Charles Stanton Devas
He was educated at Eton and Balliol College, Oxford, where he took a first class in the honours School of Law and History. Before proceeding to the university he had been received into the Catholic Church and his subsequent career was entirely devoted to the service of religion. By treating political economy, both in books and lectures, from a definitely Catholic standpoint, he was unusual in his field at the time.
The Groundwork of Economics (1883), the first work published in his own name (for the translation into English of Hergenröther's Church and State was anonymous), attracted considerable attention and was translated into German in 1896 by Dr. Walter Kampfe. The Manual of Political Economy (Stonyhurst Philosophical Series), published in 1892 (third edition, 1907), achieved more success, and became a recognised textbook in English-speaking schools and seminaries. In 1886 he published Studies in Family Life, a historical inquiry into this branch of economics, with a view to justifying the contention that Christianity is an essential factor in the problem of social well-being. This book was translated into German in 1887 by Paul Maria Baumgarten. In 1895 he published anonymously in London a poetical version of the story of Sintram.
Besides his books he wrote frequently for The Dublin Review, The Month, and other periodicals, both English and American, and read papers before The Manchester Statistical Society, The Catholic Truth Society, and other bodies. A considerable number of his later essays and lectures dealing with contemporary social problems were issued by The Catholic Truth Society in pamphlet form.

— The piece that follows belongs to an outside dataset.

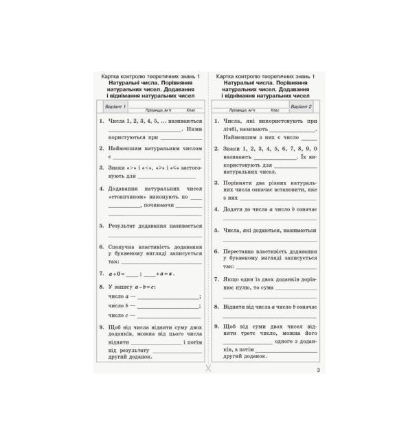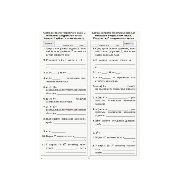 Посібник відповідає вимогам нової програми з математики для 5 класу і призначений для організації поточного, тематичного і підсумкового контролю навчальних досягнень учнів з математики. Для організації поточного контролю за кожною темою, що вивчається, запропоновано декілька видів перевірочних робіт: контроль теоретичних знань — перевіряється рівень засвоєння теоретичного матеріалу; практичний тренінг — контролюється вміння застосовувати набуті знання на практиці, а також володіння навичками читати й аналізувати матеріал, поданий графічно; самостійна робота —відстежується рівень засвоєння теми, що вивчається. Кожну роботу запропоновано у двох варіантах. Для організації тематичного і підсумкового контролю подано контрольні роботи, за допомогою яких перевіряється рівень засвоєння учнями навчального матеріалу за кожною темою. Усі роботи наведено в чотирьох варіантах і містять тестові завдання з вибором однієї правильної відповіді та завдання відкритої форми. Завдання самостійних і контрольних робіт диференційовані за рівнями навчальних досягнень учнів. Складовою комплекту є інтерактивні завдання, розміщені на сайті http://interactive.ranok.com.ua, які допоможуть учням підготуватися до контрольних робіт. Призначено для учнів 5 класу загальноосвітніх навчальних закладів і вчителів математики.

His last book, The Key to the World's Progress, was published in 1906. This, unlike his earlier works, is directly apologetic, being an elaborate defence of the Catholic Church written with a view to meeting the difficulties and questionings of the twentieth century. A popular edition was issued after his death.
In 1874 he married Eliza Mary Katherine, the daughter of Francis Ridout Ward. She died in 1889, leaving nine children. Devas was a zealous member of the Society of St. Vincent de Paul, and took a leading part in all Catholic enterprises of his time in England - notably in those which enabled Catholics to frequent universities - and exercised considerable influence over the thought and conduct of English Catholics. He was examiner in Political Economy at the Royal University of Ireland from 1889 to 1898.